Turkey’s Arabs losing their identity

Turkey’s Arabs are in need of support for preserving their cultural identity, Shukri Kirboga, president of an Arab-Turkish cultural association, told Arab News.
“Many of these residents know nothing of their original language,” he said. “Saudi Arabia is a prominent Islamic country that can play a big role in helping Arab minorities in several societies reconnect with their native mother tongue.”
“This is precisely why I chose to visit the Kingdom,” he said. “I came to appeal to Saudi leaders to provide support to the Arab community living in Turkey.”
There are more than 7 million Arabs living across 12 cities in Turkey, said Kirboga. “These communities, unfortunately, have no cultural support from Arab countries.”
Five million of these Arabs have supported more than 1 million Syrian refugees through providing humanitarian aid, while several Arab-Turkish tribes support the Free Syrian Army, he said.
Similarly, many Arab-Turks have strong ties with Arab tribes living in the northern regions of Syria.
Turkish Arabs, predominantly Muslim, mostly live along the southeastern border with Syria and Iraq in the Urfa, Batman, Bitlis, Gaziantep, Hatay, Mardin and Adana provinces of Turkey. In fact, most of Hatay’s residents are Arab.

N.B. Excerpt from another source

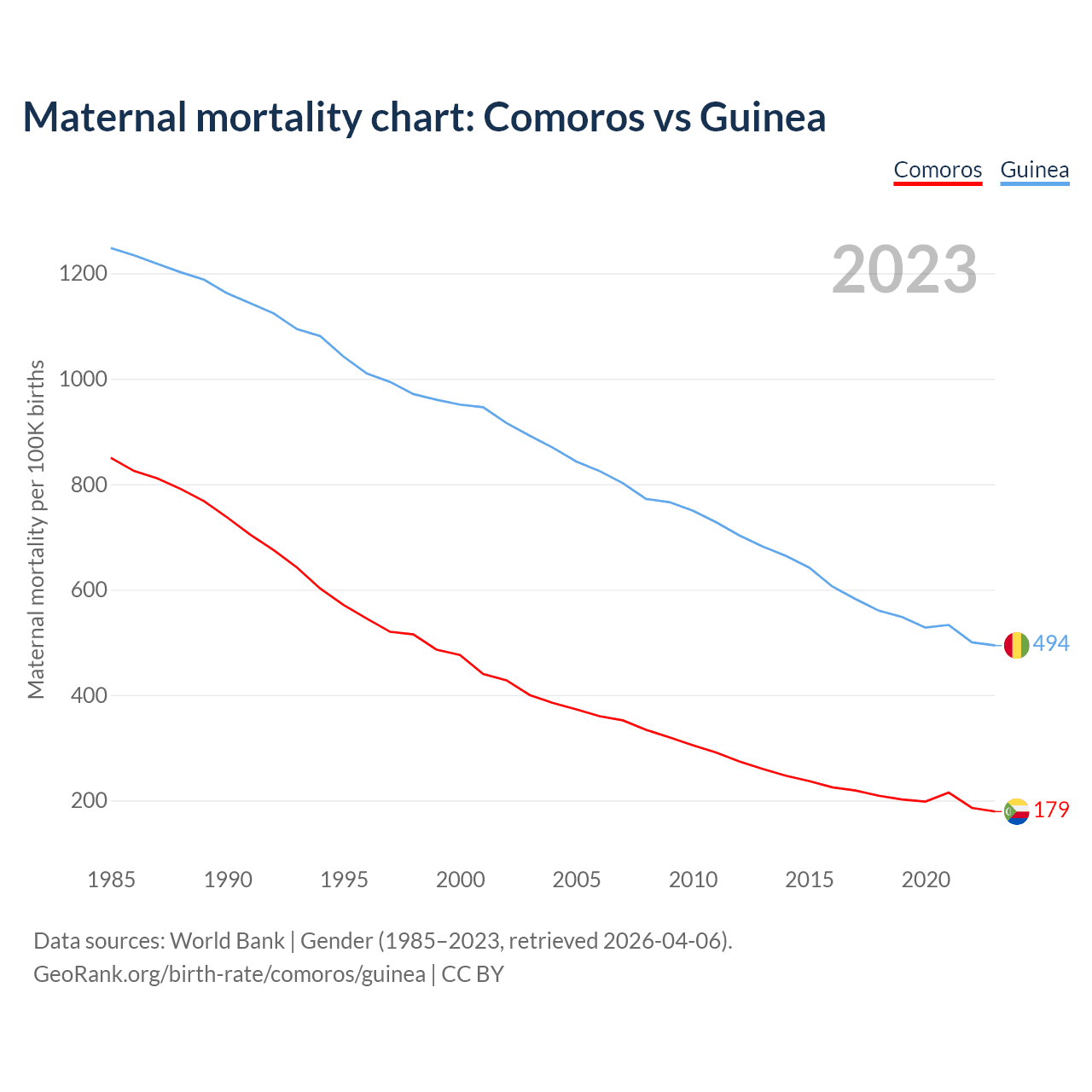 The maternal mortality rate, which is the probability of dying during childbirth or within 42 days of pregnancy termination, is 179 deaths per 100,000 live births in Comoros, compared to 494 deaths in Guinea.
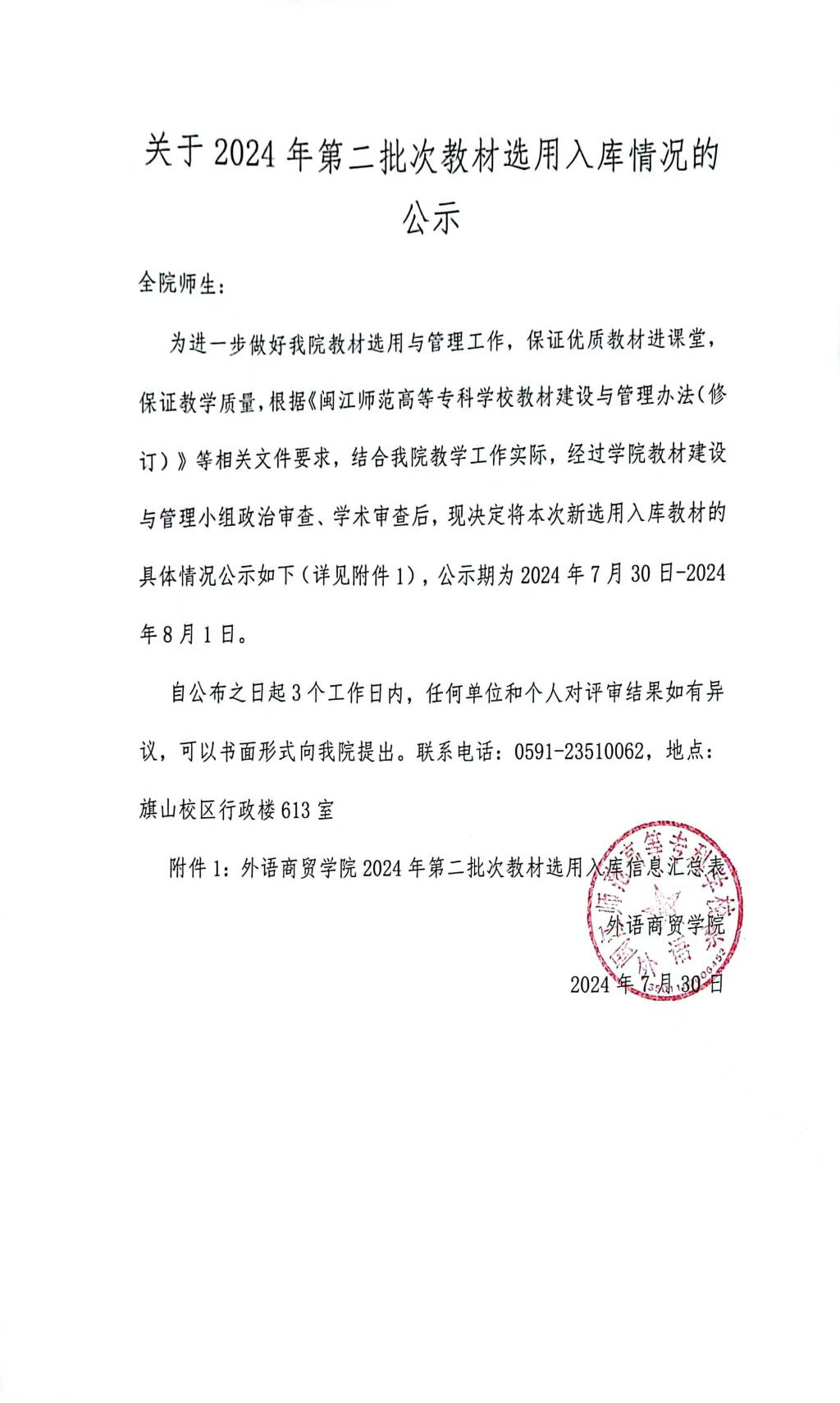 附件1:外语商贸学院2024年第二批次教材选用入库信息汇总表

Arabs on the eastern side of the border consist of Bedouin tribes, in addition to other Arabs who settled in the region before Turkic tribes — a collection of ethnic groups that live in central Asia, northwestern China and parts of eastern Europe — settled in Anatolia in the 11th century.
Arab society in Turkey is generally well-integrated into the Turkish population. Many still speak Arabic, in addition to Turkish.
“The current Turkish government allowed Arabic to be taught at Turkish schools and also allowed us to establish our association to preserve Arabian culture,” he said. “This government is unlike previous governments, which were anti-Arab and took action to take away our ethnic identity.”
One Turkish study estimates the Arab population to be anywhere between 1.1 percent and 2.4 percent of the total population, while an American estimate in 1995 pegged the figure at between 800,000 and 1 million residents.
A Turkish study conducted in 2006, however, concluded that less than one percent of the total population of Turkey is ethnically Arab.
Half a million Turkish residents spoke Arabic as a first language in 1992, according to another study.
By contrast, around 365,340 Turkish citizens, one percent of the total population in 1965, had Arabic as their mother tongue. In fact, more than half of this population could speak only Arabic at the time.